**Available data**
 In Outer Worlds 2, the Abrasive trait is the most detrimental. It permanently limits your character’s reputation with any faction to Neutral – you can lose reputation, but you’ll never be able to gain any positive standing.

* * *

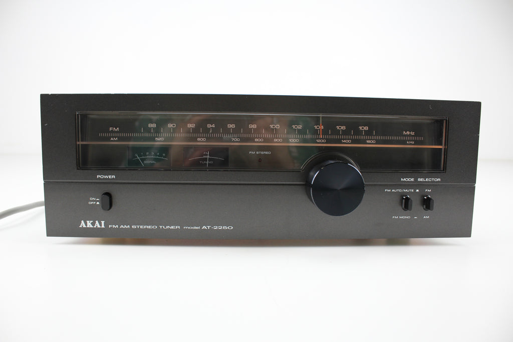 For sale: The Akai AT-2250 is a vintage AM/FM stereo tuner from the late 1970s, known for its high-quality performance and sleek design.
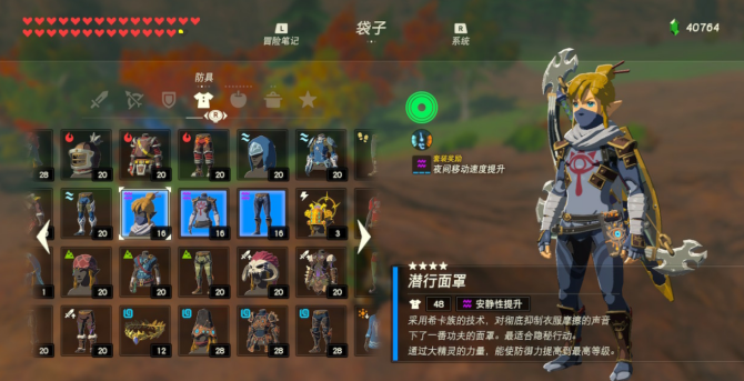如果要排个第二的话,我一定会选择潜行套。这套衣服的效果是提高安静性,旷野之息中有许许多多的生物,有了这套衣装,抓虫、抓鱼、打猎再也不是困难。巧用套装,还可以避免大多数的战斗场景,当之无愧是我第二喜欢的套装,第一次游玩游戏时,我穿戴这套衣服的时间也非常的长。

---

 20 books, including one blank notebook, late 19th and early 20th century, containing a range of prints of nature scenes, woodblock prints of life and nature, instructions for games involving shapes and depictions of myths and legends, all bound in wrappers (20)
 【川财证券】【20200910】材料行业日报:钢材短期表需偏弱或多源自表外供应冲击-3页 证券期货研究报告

**Task statement**
Transcribe, word for word, the lines of the listing above from the one that contains "For sale: The" through the one that contains "如果要排个第二的话,我一定会", keeping both ends and dropping the pictures.

**Answer for this exercise**
 For sale: The Akai AT-2250 is a vintage AM/FM stereo tuner from the late 1970s, known for its high-quality performance and sleek design.
如果要排个第二的话,我一定会选择潜行套。这套衣服的效果是提高安静性,旷野之息中有许许多多的生物,有了这套衣装,抓虫、抓鱼、打猎再也不是困难。巧用套装,还可以避免大多数的战斗场景,当之无愧是我第二喜欢的套装,第一次游玩游戏时,我穿戴这套衣服的时间也非常的长。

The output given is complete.